## EXERCISE INPUTS
+ + + + + + +
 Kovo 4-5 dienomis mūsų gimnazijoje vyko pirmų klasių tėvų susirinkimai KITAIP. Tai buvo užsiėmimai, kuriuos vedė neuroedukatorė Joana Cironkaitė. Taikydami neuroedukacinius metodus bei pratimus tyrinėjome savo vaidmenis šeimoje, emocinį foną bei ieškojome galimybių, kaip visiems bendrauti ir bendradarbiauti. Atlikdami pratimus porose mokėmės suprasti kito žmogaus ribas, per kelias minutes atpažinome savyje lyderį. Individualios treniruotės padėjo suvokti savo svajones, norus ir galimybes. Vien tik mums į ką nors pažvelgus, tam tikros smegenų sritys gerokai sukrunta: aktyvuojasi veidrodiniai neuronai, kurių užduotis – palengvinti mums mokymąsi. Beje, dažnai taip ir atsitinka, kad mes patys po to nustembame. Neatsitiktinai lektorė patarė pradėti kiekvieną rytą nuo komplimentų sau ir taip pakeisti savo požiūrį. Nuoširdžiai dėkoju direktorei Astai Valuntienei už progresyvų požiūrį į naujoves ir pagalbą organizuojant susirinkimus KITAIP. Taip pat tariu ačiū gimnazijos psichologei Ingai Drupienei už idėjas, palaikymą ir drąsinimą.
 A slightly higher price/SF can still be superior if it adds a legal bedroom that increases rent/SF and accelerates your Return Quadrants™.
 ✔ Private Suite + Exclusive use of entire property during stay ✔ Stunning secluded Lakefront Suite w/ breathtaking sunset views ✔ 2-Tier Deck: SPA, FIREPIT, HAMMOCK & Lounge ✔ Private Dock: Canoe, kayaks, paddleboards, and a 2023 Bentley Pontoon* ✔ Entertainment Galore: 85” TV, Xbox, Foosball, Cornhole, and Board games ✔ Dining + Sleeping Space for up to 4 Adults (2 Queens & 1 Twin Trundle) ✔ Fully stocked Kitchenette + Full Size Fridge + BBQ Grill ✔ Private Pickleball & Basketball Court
+ + + + + + +
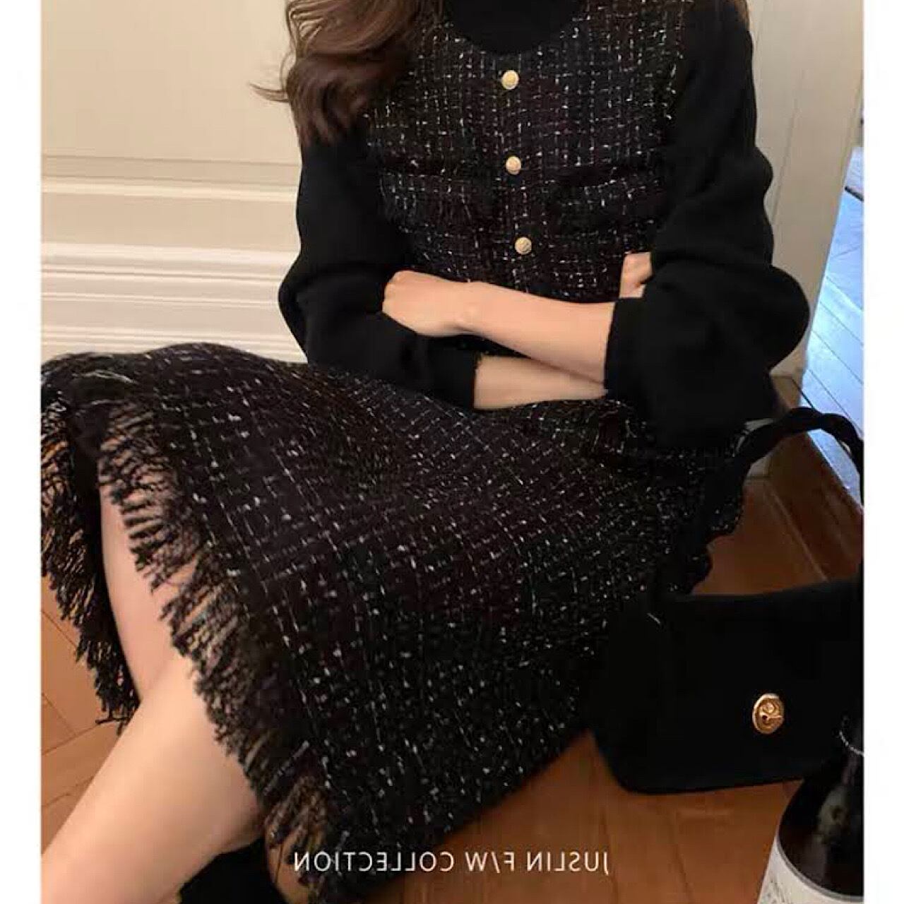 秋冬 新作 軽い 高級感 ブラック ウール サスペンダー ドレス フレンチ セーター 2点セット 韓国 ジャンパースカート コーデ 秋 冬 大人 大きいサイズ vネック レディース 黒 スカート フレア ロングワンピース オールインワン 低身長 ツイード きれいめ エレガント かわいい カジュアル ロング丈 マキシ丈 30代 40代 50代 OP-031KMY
+ + + + + + +
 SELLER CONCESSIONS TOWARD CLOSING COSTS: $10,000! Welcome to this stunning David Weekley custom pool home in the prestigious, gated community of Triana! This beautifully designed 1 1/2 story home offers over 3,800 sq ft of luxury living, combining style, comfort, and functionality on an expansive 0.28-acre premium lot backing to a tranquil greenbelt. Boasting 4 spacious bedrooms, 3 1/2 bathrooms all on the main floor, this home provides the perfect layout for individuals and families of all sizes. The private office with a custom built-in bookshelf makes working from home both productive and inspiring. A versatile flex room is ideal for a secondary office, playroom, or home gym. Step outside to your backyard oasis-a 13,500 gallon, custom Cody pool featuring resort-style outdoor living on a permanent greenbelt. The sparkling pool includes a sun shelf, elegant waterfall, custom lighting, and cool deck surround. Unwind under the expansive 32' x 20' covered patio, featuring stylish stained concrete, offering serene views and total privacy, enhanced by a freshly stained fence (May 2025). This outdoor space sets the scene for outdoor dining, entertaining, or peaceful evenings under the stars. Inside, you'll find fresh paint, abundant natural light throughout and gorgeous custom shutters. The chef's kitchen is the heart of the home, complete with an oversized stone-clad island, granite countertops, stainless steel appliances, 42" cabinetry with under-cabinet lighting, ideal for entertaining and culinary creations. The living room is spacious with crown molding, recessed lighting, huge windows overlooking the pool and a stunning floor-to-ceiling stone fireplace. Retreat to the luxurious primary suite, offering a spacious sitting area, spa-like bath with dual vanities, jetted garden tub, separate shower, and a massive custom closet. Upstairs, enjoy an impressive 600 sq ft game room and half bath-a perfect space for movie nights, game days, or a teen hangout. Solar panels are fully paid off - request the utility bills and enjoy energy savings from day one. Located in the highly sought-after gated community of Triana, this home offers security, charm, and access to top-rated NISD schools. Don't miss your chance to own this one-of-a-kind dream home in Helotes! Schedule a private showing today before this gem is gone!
+ + + + + + +
## WHAT YOU ARE ASKED TO DO
Among the records above, a stretch begins at the line containing "Kovo 4-5 dienomis" and ends at the line containing "A slightly higher". Restate that stretch word for word, and nothing else.

## ANSWER TO THIS EXERCISE
 Kovo 4-5 dienomis mūsų gimnazijoje vyko pirmų klasių tėvų susirinkimai KITAIP. Tai buvo užsiėmimai, kuriuos vedė neuroedukatorė Joana Cironkaitė. Taikydami neuroedukacinius metodus bei pratimus tyrinėjome savo vaidmenis šeimoje, emocinį foną bei ieškojome galimybių, kaip visiems bendrauti ir bendradarbiauti. Atlikdami pratimus porose mokėmės suprasti kito žmogaus ribas, per kelias minutes atpažinome savyje lyderį. Individualios treniruotės padėjo suvokti savo svajones, norus ir galimybes. Vien tik mums į ką nors pažvelgus, tam tikros smegenų sritys gerokai sukrunta: aktyvuojasi veidrodiniai neuronai, kurių užduotis – palengvinti mums mokymąsi. Beje, dažnai taip ir atsitinka, kad mes patys po to nustembame. Neatsitiktinai lektorė patarė pradėti kiekvieną rytą nuo komplimentų sau ir taip pakeisti savo požiūrį. Nuoširdžiai dėkoju direktorei Astai Valuntienei už progresyvų požiūrį į naujoves ir pagalbą organizuojant susirinkimus KITAIP. Taip pat tariu ačiū gimnazijos psichologei Ingai Drupienei už idėjas, palaikymą ir drąsinimą.
 A slightly higher price/SF can still be superior if it adds a legal bedroom that increases rent/SF and accelerates your Return Quadrants™.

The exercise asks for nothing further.